Git Product home page Git Product logo

simple_jupyterhub's Introduction

Simple Jupyterhub Deployment

This is a simple jupyterhub deployment to be used on a single server to run the hub + another server to store user backups.

Current features:

  • https/tls using nginx as a reverse proxy with automatic certificates throuhg Let's Encrypt
  • custom hub image
  • user disk quotas (1G soft + 2G hard)
  • periodic backups of user data to external server over simple ssh
  • authenticate through GitHub

Usage

To use without backups, simply do docker-compose up --build. Make sure to setup .env file first!

Goals

  • setup a simple dockerized jupyterhub installation
  • share runnable/editable code in isolated environment with your collaborators
  • teach a class using runnable/editable code in isolated environments

Disclaimer

These instructions assume you are running Ubuntu. They will likely not be much different for any other GNU/Linux.

Setup jupyterhub proxy token

Use

openssl rand -hex 32

to generate a random token for jupyterhub's proxy, and add CONFIGPROXY_AUTH_TOKEN=\<result\> to .env.

Do the same for LAUNCHER_API_TOKEN.

Setup environment

Copy .env.dist to .env, and fill in the blanks. To get OAUTH id and secret, follow instructions here: https://docs.github.com/en/free-pro-team@latest/developers/apps/creating-an-oauth-app

  • <jupyter_address> is something of the form jupyterhub.example.com
  • <backup_server_address> is something of the form backup-server.example.com
  • To generate a secure random password, you can for example, use: dd if=/dev/urandom bs=1 count=32 2>/dev/null | base64 -w 0 | rev | cut -b 2- | rev
  • Follow instructions below to properly setup backup server.
  • Email for letsencrypt doesn't really matter, I never got any :(

Once you have your environment set up, everything should work fine.

Setup users

Copy jupyterhub/userlist.dist to jupyterhub/userlist. Delete user1, user2, user3, ... and replace by GitHub account names of people you want to give access to. Make sure to put a unique positive integer number before every user name. This number is used to setup disk quotas.

If you want to delete a user, make sure not to use their number ever again for any other user in the futre. If you do, new user would have less disk space available because some of their quotas would be used by the previous deleted user.

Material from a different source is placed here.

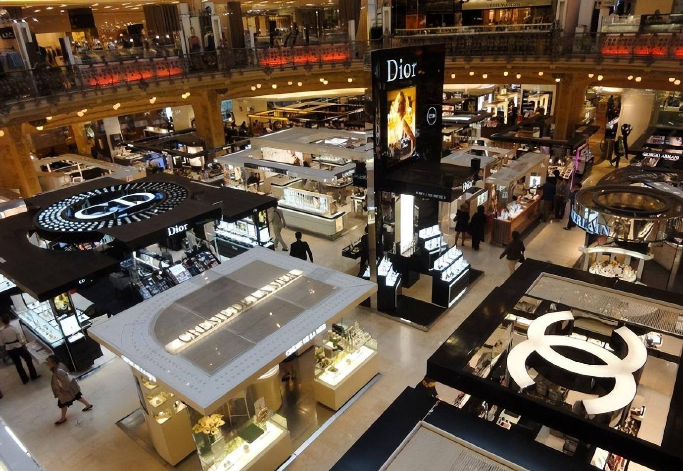 俯瞰老佛爷百货商场的中庭,能见到各种著名化妆品牌的巨大logo。

Alternatively, make sure to also delete data of deleted user (resides in /data/jupyterhub/users/{username}).

Setup disk quotas

To implement disk quotas, we use basic Linux filesystem disk quotas. In order for this to work, your root filesystem, and partitions where docker containers and volumes are mounted to, should be mounted with quotas on:

 sudo mount -o remount,usrquota,grpquota /

This will temporarily enable disk quotas until the next time you restart your server.

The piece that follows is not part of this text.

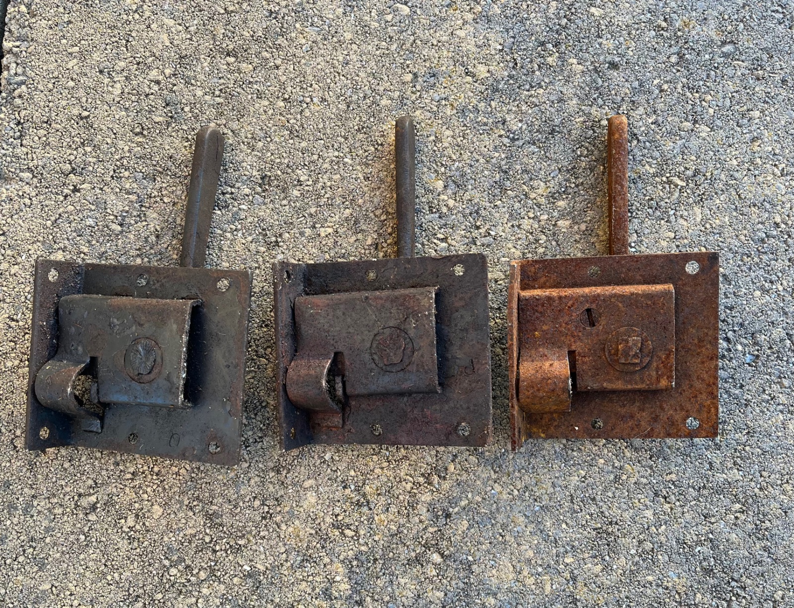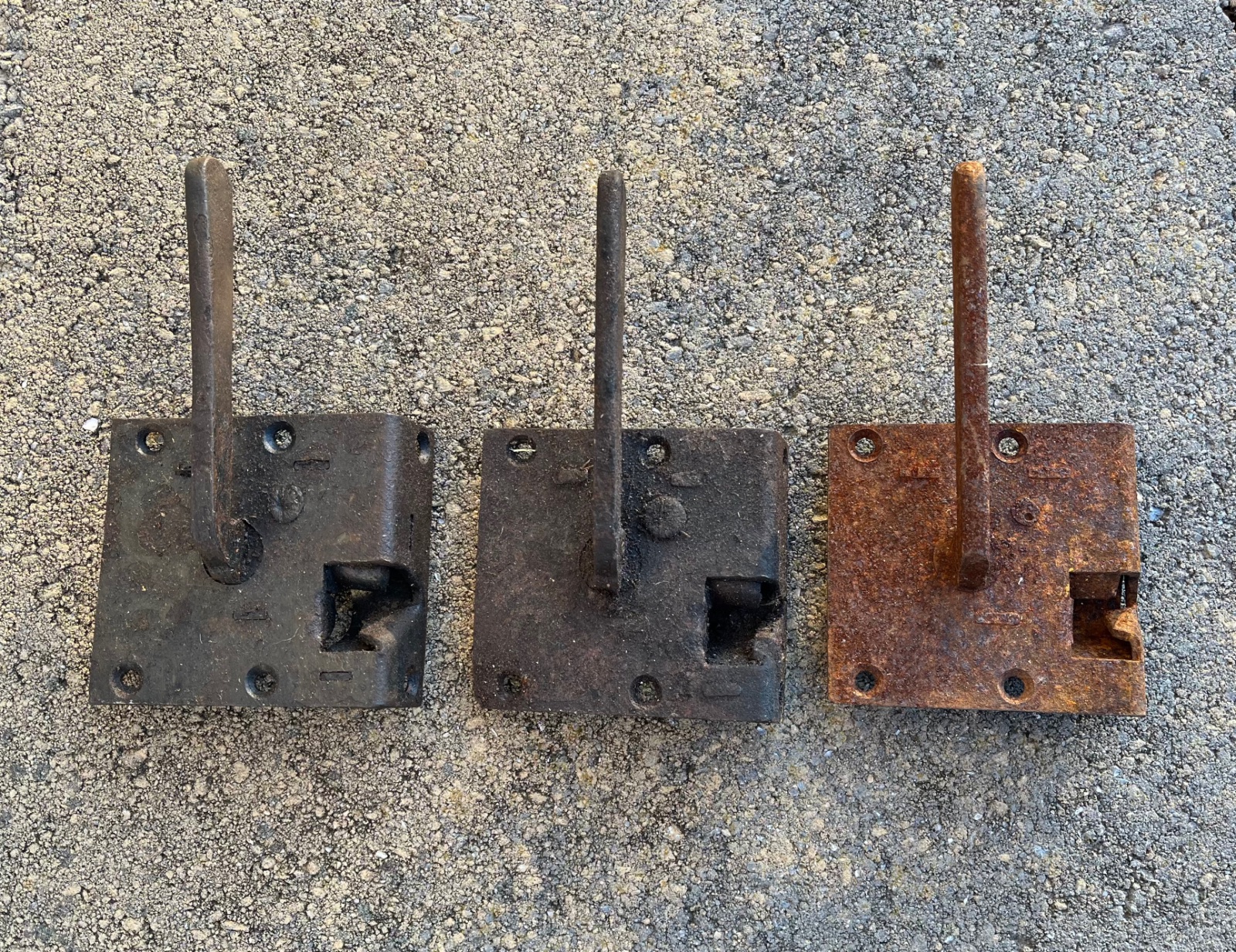 For Sale, three 1914-1916 door latches. All the same side. The rusty one is seized and the other two move freely.

To make this permanent, edit /etc/fstab to something like:

UUID=some-long-string-of-random-symbols / ext4 errors=remount-ro,usrquota,grpquota 0 0

or

/dev/sda1 / ext4 errors=remount-ro,usrquota,grpquota 0 0

And then restart the server using sudo reboot. But first make sure you didn't make any typos since then your server wouldn't be able to boot and you wouldn't be able to ssh to it!

Next, initialize and turn quotas on:

sudo quotacheck -cum /
sudo quotaon -v /

First command initializes user quotas, and the second one turns quotas on for the disk mounte to /.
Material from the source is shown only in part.